For this item, repeat the material exactly while omitting its pictures.
*** Opening of Task material ***
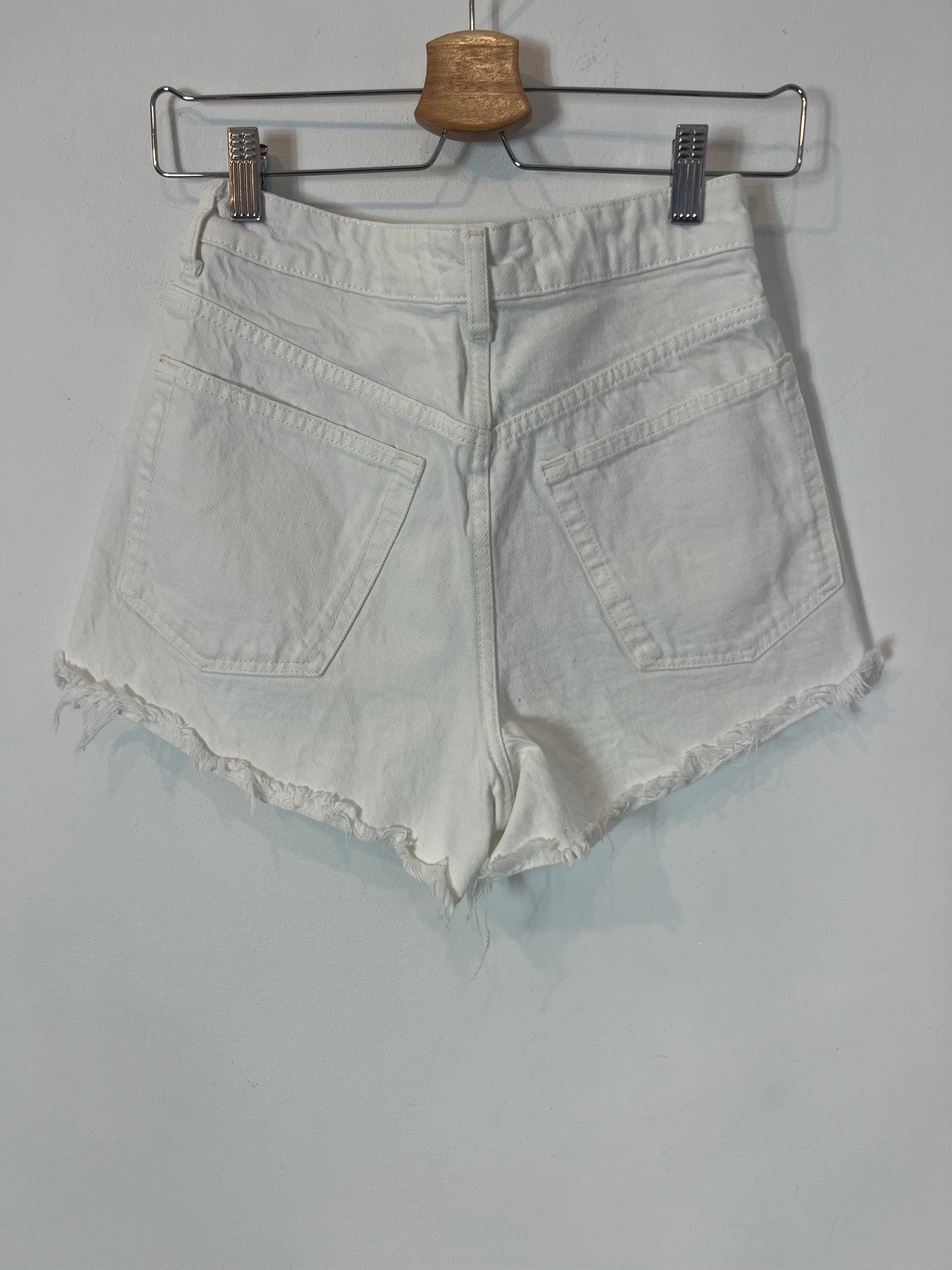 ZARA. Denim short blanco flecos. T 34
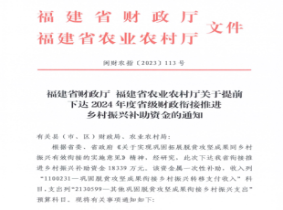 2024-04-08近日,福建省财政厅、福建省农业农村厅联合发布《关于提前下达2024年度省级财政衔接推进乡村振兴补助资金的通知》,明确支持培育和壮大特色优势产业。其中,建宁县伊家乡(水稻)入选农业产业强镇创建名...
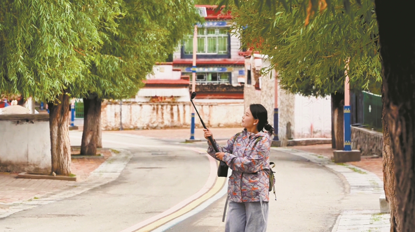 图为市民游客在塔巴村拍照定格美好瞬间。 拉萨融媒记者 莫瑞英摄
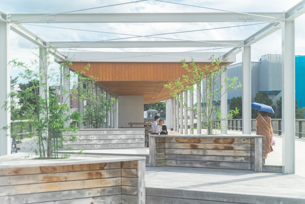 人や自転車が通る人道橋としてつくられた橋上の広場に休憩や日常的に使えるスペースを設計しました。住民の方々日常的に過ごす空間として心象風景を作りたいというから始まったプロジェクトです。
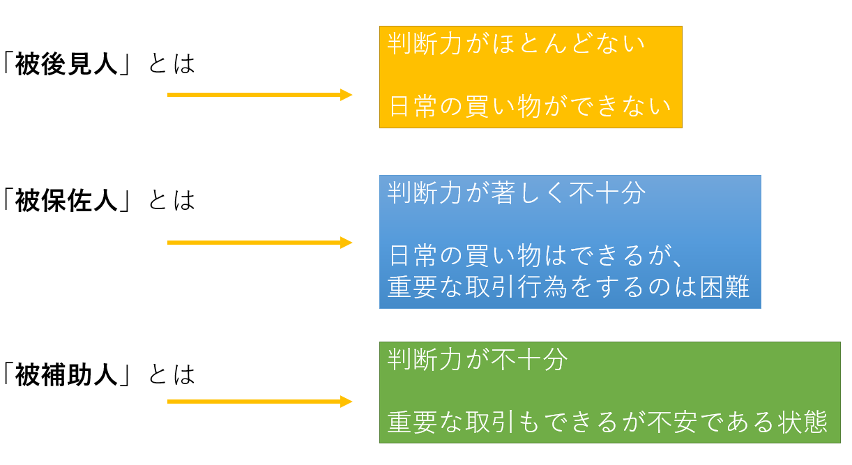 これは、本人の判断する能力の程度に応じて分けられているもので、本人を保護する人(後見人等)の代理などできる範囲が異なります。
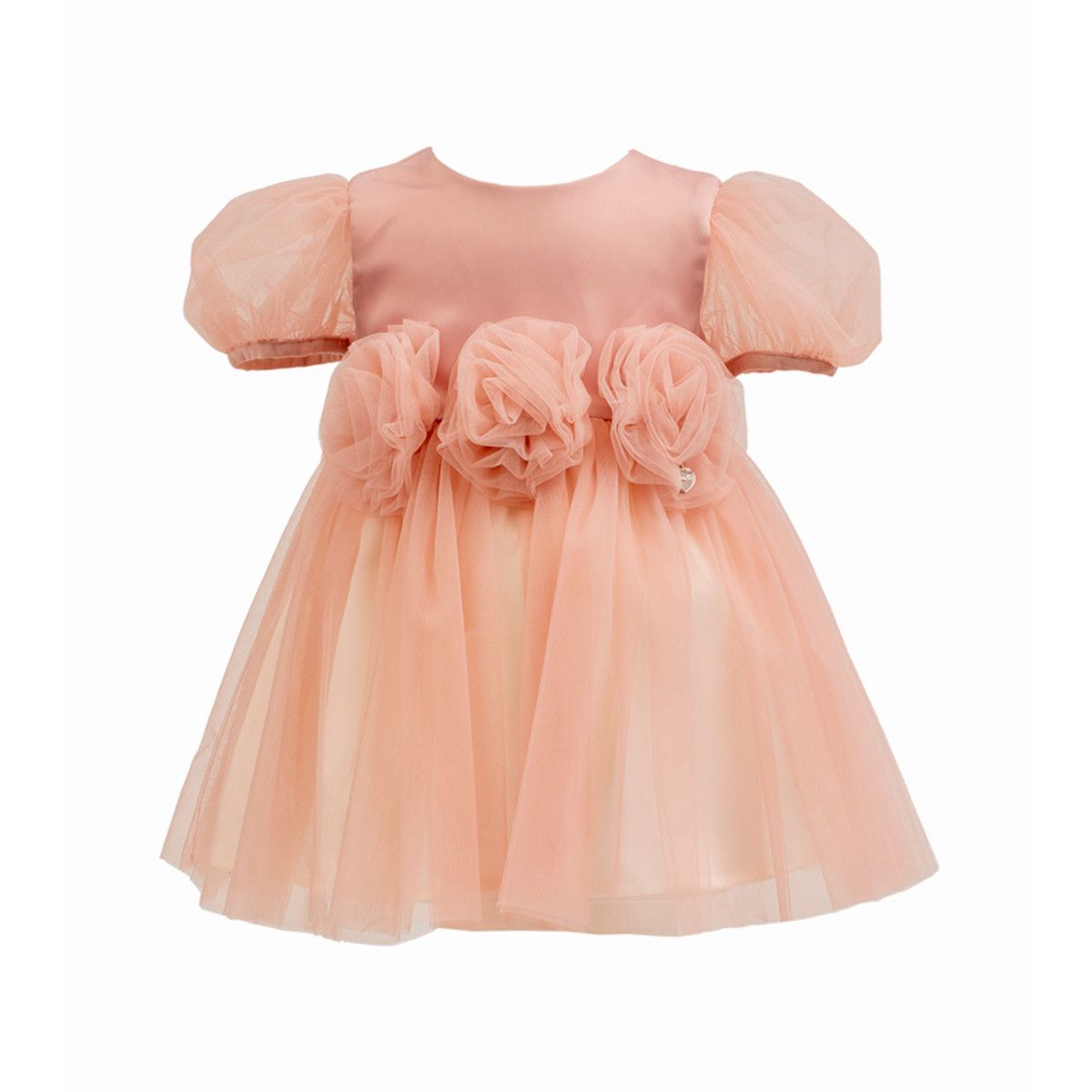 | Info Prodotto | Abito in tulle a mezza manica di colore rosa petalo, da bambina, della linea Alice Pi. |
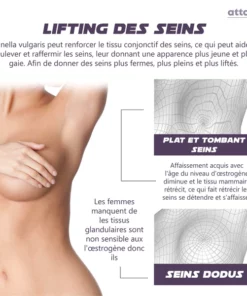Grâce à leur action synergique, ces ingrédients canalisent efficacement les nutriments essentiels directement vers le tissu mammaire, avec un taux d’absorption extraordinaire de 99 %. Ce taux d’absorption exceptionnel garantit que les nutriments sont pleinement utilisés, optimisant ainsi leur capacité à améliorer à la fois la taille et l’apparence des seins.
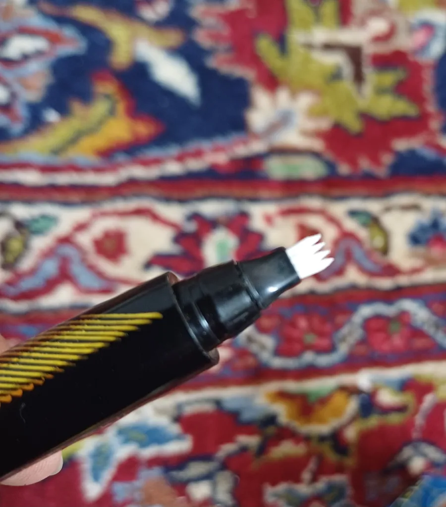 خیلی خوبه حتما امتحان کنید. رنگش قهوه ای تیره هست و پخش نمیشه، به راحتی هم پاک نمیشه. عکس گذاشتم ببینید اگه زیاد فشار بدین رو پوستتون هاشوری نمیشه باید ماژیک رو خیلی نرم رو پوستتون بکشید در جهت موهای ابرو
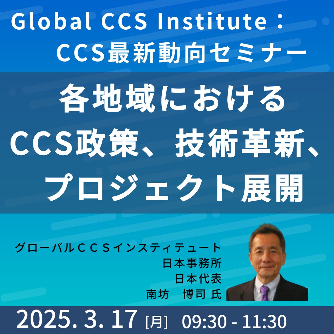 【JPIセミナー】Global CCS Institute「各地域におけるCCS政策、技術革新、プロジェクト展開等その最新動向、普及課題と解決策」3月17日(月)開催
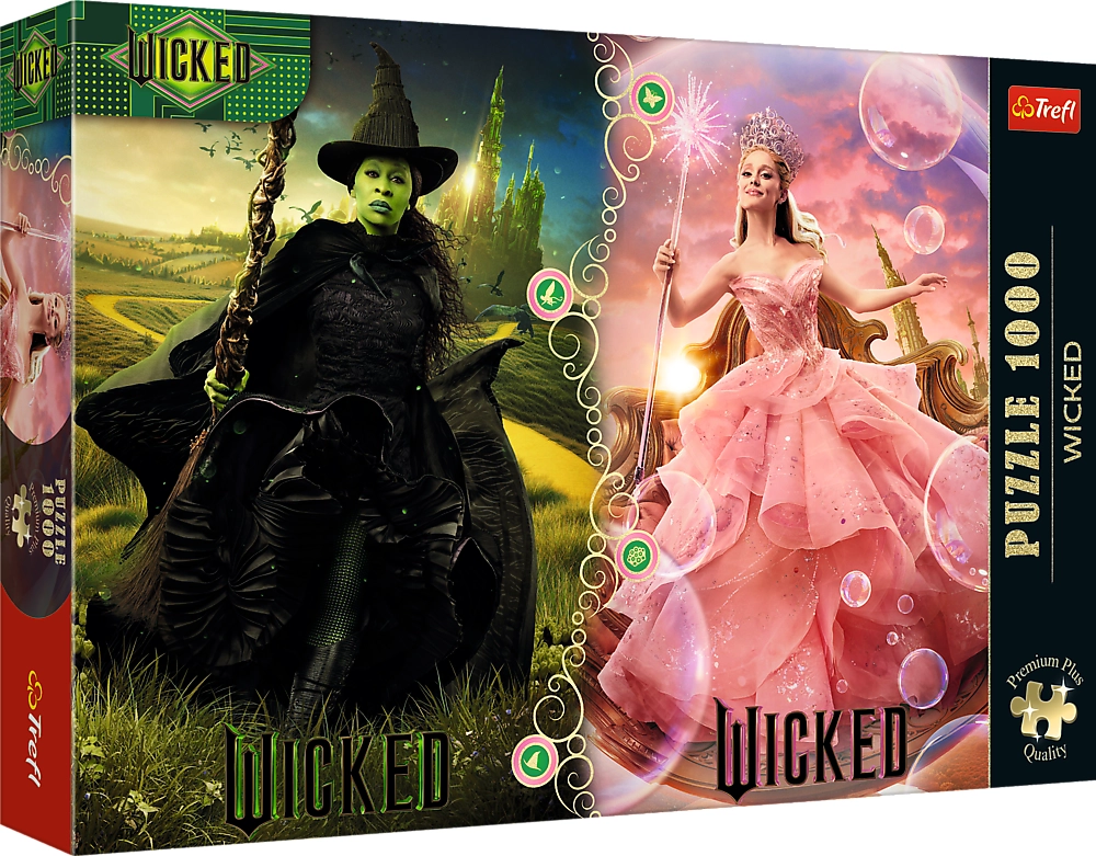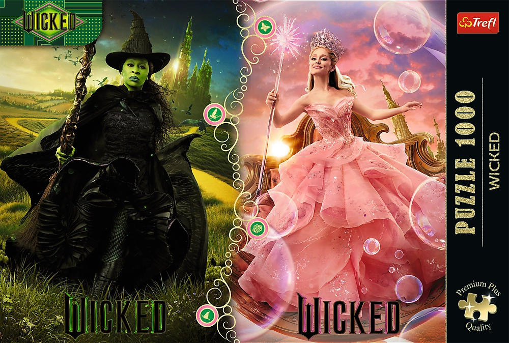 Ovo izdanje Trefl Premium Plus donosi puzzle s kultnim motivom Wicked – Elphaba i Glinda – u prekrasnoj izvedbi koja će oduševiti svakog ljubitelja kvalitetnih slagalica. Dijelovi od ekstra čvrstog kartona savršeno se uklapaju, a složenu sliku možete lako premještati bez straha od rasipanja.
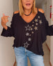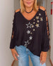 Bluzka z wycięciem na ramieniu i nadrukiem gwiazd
*** Close of Task material ***
Response:
 ZARA. Denim short blanco flecos. T 34
 2024-04-08近日,福建省财政厅、福建省农业农村厅联合发布《关于提前下达2024年度省级财政衔接推进乡村振兴补助资金的通知》,明确支持培育和壮大特色优势产业。其中,建宁县伊家乡(水稻)入选农业产业强镇创建名...
 图为市民游客在塔巴村拍照定格美好瞬间。 拉萨融媒记者 莫瑞英摄
 人や自転車が通る人道橋としてつくられた橋上の広場に休憩や日常的に使えるスペースを設計しました。住民の方々日常的に過ごす空間として心象風景を作りたいというから始まったプロジェクトです。
 これは、本人の判断する能力の程度に応じて分けられているもので、本人を保護する人(後見人等)の代理などできる範囲が異なります。
 | Info Prodotto | Abito in tulle a mezza manica di colore rosa petalo, da bambina, della linea Alice Pi. |
Grâce à leur action synergique, ces ingrédients canalisent efficacement les nutriments essentiels directement vers le tissu mammaire, avec un taux d’absorption extraordinaire de 99 %. Ce taux d’absorption exceptionnel garantit que les nutriments sont pleinement utilisés, optimisant ainsi leur capacité à améliorer à la fois la taille et l’apparence des seins.
 خیلی خوبه حتما امتحان کنید. رنگش قهوه ای تیره هست و پخش نمیشه، به راحتی هم پاک نمیشه. عکس گذاشتم ببینید اگه زیاد فشار بدین رو پوستتون هاشوری نمیشه باید ماژیک رو خیلی نرم رو پوستتون بکشید در جهت موهای ابرو
 【JPIセミナー】Global CCS Institute「各地域におけるCCS政策、技術革新、プロジェクト展開等その最新動向、普及課題と解決策」3月17日(月)開催
 Ovo izdanje Trefl Premium Plus donosi puzzle s kultnim motivom Wicked – Elphaba i Glinda – u prekrasnoj izvedbi koja će oduševiti svakog ljubitelja kvalitetnih slagalica. Dijelovi od ekstra čvrstog kartona savršeno se uklapaju, a složenu sliku možete lako premještati bez straha od rasipanja.
 Bluzka z wycięciem na ramieniu i nadrukiem gwiazd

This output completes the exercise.